Recommended Age, Grade, and Reading Levels
- Age: 5 to 8
- Grade: k to 3
- Reading age: 5 to 8
A Haitian American girl finds connection to generations of family lore in this story of identity, heart and home.
Every winter, a young girl flies to Haiti to visit her Auntie Luce, a painter.
The moment she steps off the plane, she feels a wall of heat, and familiar sights soon follow — the boys selling water ice by the pink cathedral, the tap tap buses in the busy streets, the fog and steep winding road to her aunt’s home in the mountains.
The girl has always loved Auntie Luce’s paintings — the houses tucked into the hillside, colorful fishing boats by the water, heroes who fought for and won the country’s independence. Through Haiti’s colors, the girl comes to understand this place her family calls home. And when the moment finally comes to have her own portrait painted for the first time, she begins to see herself in a new way, tracing her own history and identity through her aunt’s brush.
Key Text Features
Correlates to the Common Core State Standards in English Language Arts:
Retell stories, including key details, and demonstrate understanding of their central message or lesson.
Describe characters, settings, and major events in a story, using key details.
>Identify words and phrases in stories or poems that suggest feelings or appeal to the senses.
Use illustrations and details in a story to describe its characters, setting, or events.

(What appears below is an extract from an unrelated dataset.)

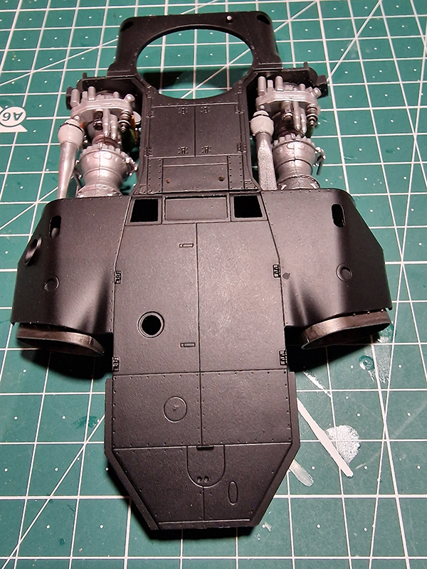 nachdem der Rumpf nun um Cockpit und Kabine geschlossen war, habe ich mit den Triebwerken begonnen.

Describe the overall structure of a story, including describing how the beginning introduces the story and the ending concludes the action.
About the authors
FRANCIE LATOUR is a prize-winning writer whose work explores issues of race, culture and identity. Her work has been featured on National Public Radio and the Today show, as well as in The Root, Essence and the Boston Globe. Her writing was also anthologized in The Butterfly’s Way, edited by Edwidge Danticat. Francie is co-founder of Wee The People, a social justice project for kids. This is her first picture book.
A mother of three, Francie was born to Haitian parents. She was inspired to write Auntie Luce by a chance encounter in 1992 with the late artist Luce Turnier — one of Haiti’s most celebrated female artists — who painted Francie’s portrait. Francie and her family live in Boston.
Ken Daley is an illustrator who draws inspiration for his work from his African Caribbean roots. He has illustrated Joseph’s Big Ride by Terry Farish, which received a Skipping Stones Honor Award for International Multicultural Books, and Auntie Luce’s Talking Paintings by Francie Latour, an Américas Award Honor Book and a Kirkus Best Picture Book about History and Tradition.He has exhibited his art in Canada, the United States and the Caribbean, and his work can be found in numerous private collections. Ken lives in Cambridge, Ontario.
- Commended, Américas Award
- Commended, Kirkus Best Picture Books
The narrative is lush and lyrical, capturing the romance of nostalgia as well as the concrete thoughts of the child. Daley’s acrylic illustrations burst off the page in deeply saturated, vibrant colors that echo but do not imitate Luce Turnier’s own art.
Daley’s . . . paintings convey some of the complexities of time and place through the images themselves. … Young readers will enjoy how Latour and Daley celebrate Haitian history and culture through this lovely, artistic story.
This vividly illustrated picture book is a feast for the eyes.
A quiet celebration of bicultural, bi-geographic identity . . .
[N]atural metaphors and poetic ideas will make this a good choice for sharing aloud in the classroom and creating emotional connection to a subject of study. Furthermore, the illustrator’s Afro-Caribbean roots amplify the love song the Haitian American author has composed to Haiti. . . . An excellent selection for exploring deep connections to Haiti through love, family, history, and art.
School Library Journal
Daley brings intimacy to the spreads, filling them with splashy tones and arresting framed portraits. An illuminating author’s note speaks about the Haitian revolution and the importance of remembering forgotten figures.